--- START ---

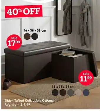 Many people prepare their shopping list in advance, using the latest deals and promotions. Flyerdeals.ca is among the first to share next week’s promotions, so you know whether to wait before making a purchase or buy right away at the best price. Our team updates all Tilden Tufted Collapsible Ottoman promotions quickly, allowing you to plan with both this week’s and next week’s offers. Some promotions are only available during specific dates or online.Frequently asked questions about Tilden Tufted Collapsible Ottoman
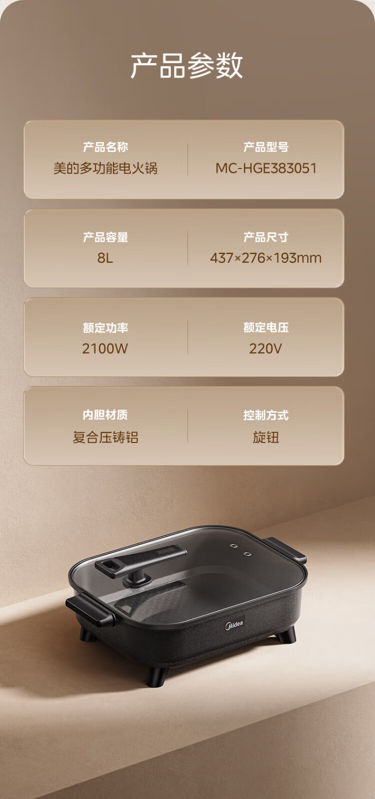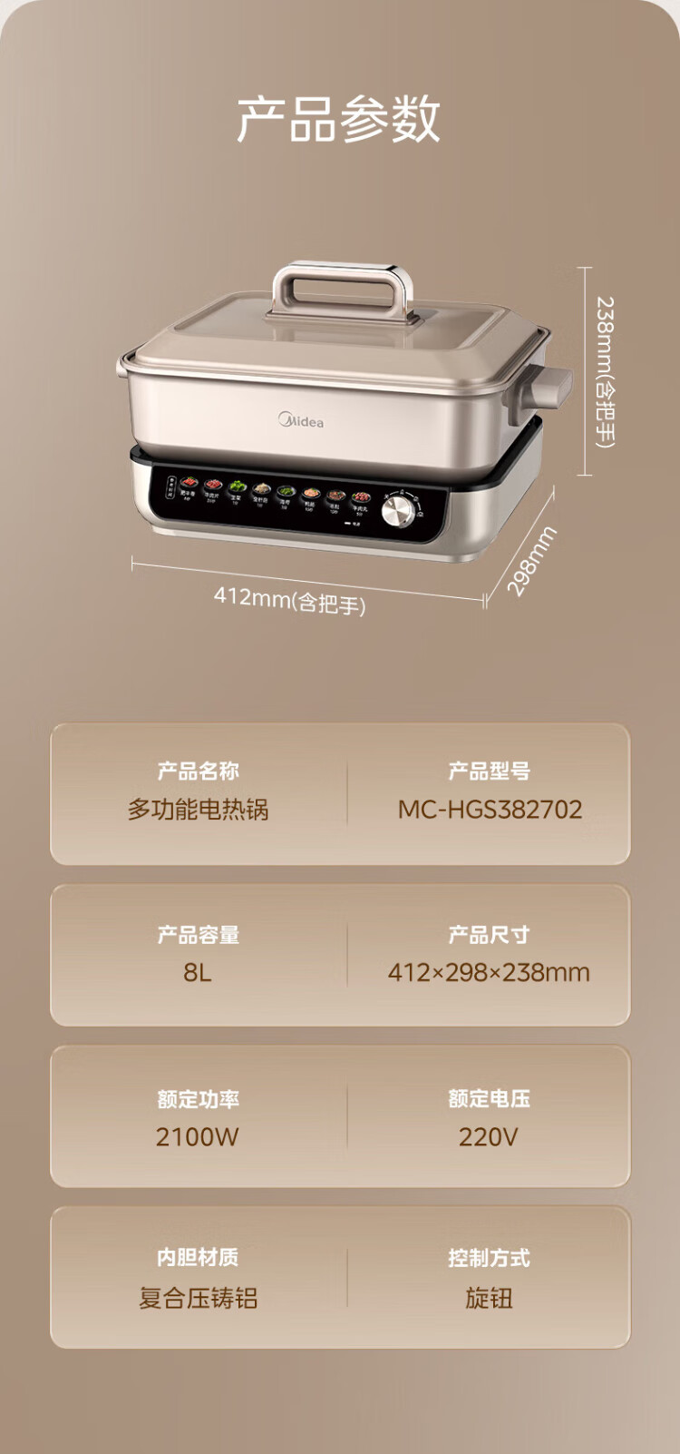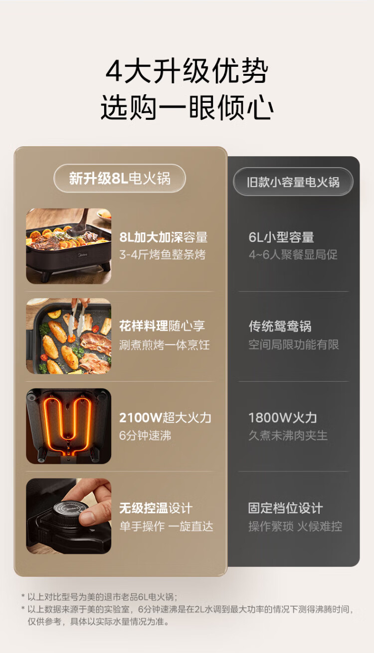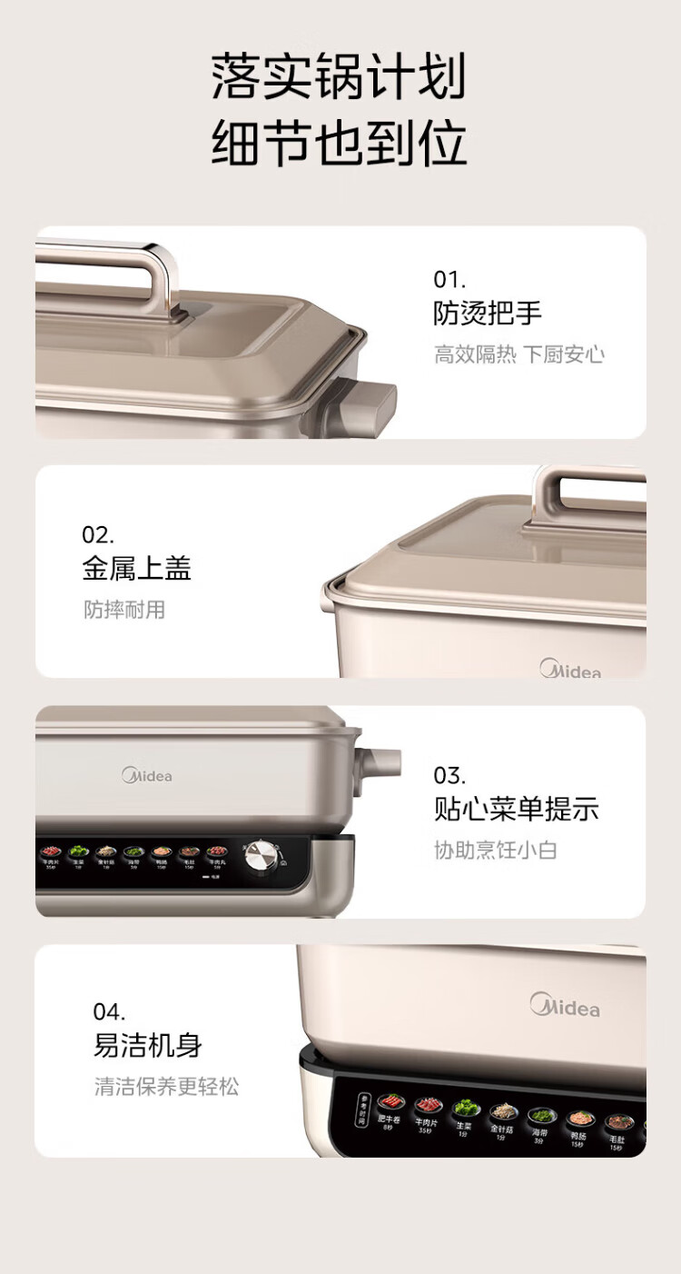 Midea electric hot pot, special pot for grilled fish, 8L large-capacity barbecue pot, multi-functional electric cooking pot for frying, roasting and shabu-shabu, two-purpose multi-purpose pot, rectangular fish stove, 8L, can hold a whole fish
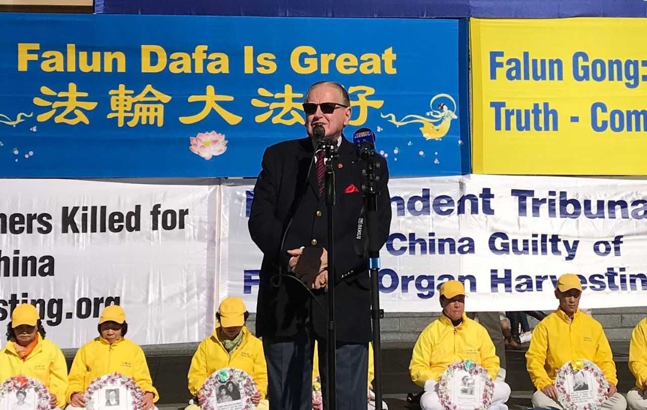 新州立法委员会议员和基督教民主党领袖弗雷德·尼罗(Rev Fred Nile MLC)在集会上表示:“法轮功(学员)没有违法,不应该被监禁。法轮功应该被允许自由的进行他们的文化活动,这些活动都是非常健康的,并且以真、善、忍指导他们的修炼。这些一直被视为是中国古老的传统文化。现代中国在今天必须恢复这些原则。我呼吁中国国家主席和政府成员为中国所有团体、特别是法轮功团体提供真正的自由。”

--- END ---
--- START ---

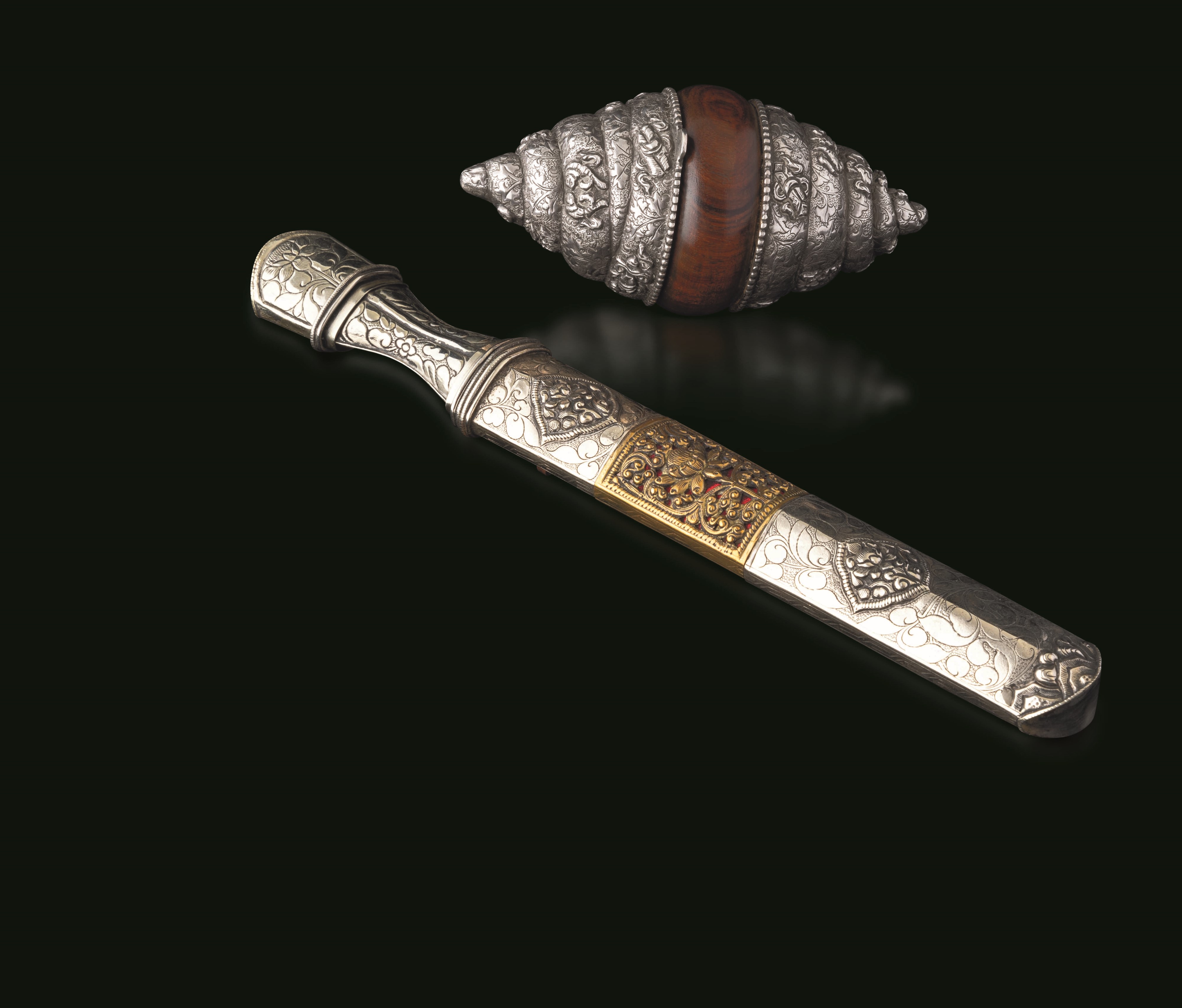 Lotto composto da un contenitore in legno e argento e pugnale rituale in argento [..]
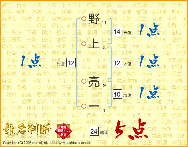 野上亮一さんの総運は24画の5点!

--- END ---
--- START ---

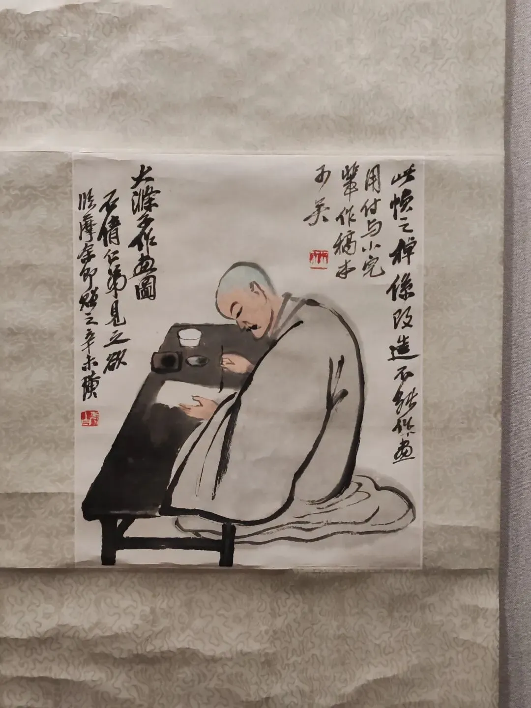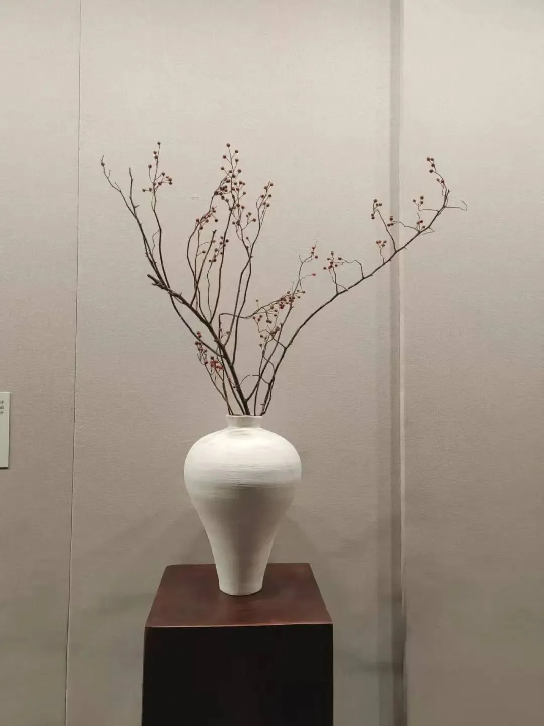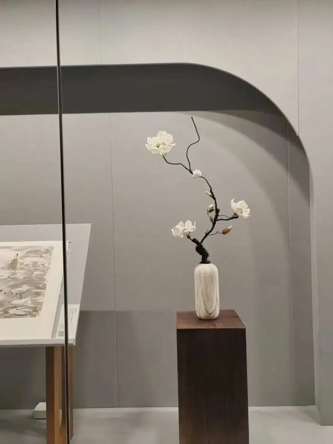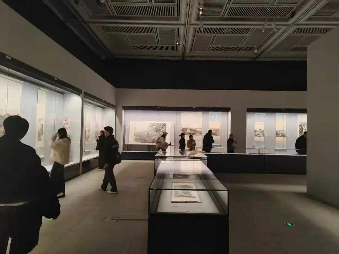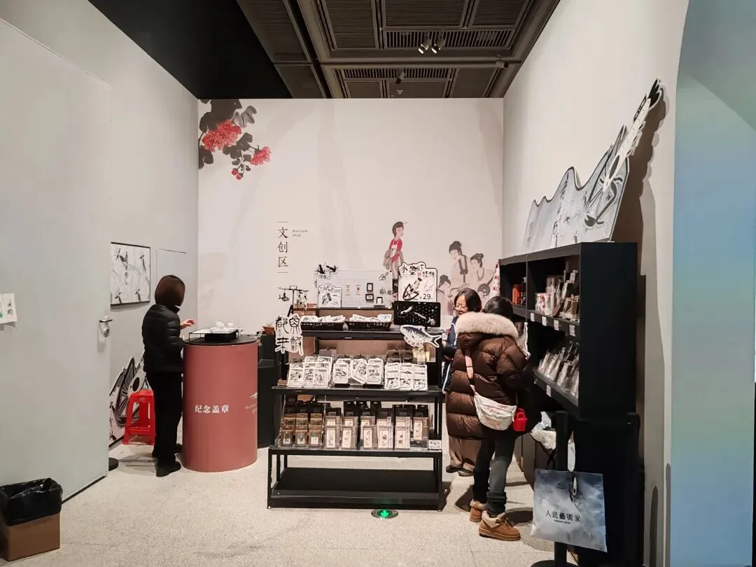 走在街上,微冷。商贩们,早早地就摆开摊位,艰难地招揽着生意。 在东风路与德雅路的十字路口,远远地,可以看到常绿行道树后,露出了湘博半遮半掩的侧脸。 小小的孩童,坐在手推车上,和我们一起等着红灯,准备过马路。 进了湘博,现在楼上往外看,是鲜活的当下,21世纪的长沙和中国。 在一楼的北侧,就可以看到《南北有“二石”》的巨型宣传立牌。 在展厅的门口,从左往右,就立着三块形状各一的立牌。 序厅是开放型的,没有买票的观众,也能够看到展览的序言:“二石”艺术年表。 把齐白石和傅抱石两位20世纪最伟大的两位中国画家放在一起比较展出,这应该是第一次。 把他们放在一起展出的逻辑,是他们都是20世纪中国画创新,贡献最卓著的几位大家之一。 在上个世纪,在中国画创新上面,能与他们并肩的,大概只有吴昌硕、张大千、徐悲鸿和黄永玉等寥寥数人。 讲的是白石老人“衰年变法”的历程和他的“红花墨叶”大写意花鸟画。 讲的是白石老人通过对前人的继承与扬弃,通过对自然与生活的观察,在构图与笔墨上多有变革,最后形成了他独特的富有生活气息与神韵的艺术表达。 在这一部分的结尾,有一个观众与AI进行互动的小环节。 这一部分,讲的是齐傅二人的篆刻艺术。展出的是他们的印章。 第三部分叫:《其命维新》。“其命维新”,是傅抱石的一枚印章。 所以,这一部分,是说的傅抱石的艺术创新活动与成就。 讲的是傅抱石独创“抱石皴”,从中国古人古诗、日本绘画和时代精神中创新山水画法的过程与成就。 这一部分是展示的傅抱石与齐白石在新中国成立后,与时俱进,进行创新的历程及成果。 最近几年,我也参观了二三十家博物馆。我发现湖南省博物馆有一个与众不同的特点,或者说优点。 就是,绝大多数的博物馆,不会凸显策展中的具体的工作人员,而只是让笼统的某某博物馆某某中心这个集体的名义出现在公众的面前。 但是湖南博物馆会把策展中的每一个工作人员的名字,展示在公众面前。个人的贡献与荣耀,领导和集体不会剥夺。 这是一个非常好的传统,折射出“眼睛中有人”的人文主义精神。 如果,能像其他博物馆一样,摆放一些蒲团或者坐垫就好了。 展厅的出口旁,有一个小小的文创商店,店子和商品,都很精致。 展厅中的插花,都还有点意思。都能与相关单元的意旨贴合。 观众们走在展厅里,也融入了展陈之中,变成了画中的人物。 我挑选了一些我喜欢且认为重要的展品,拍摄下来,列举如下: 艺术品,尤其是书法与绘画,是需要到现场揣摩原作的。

--- END ---

Exercise instructions. Please repeat, exactly as written, the lines in the records above, starting with the one that has "Lotto composto da" and going on through the one that has "野上亮一さんの総運は24画の5点!". Pictures are to be left out.

Result below.
 Lotto composto da un contenitore in legno e argento e pugnale rituale in argento [..]
 野上亮一さんの総運は24画の5点!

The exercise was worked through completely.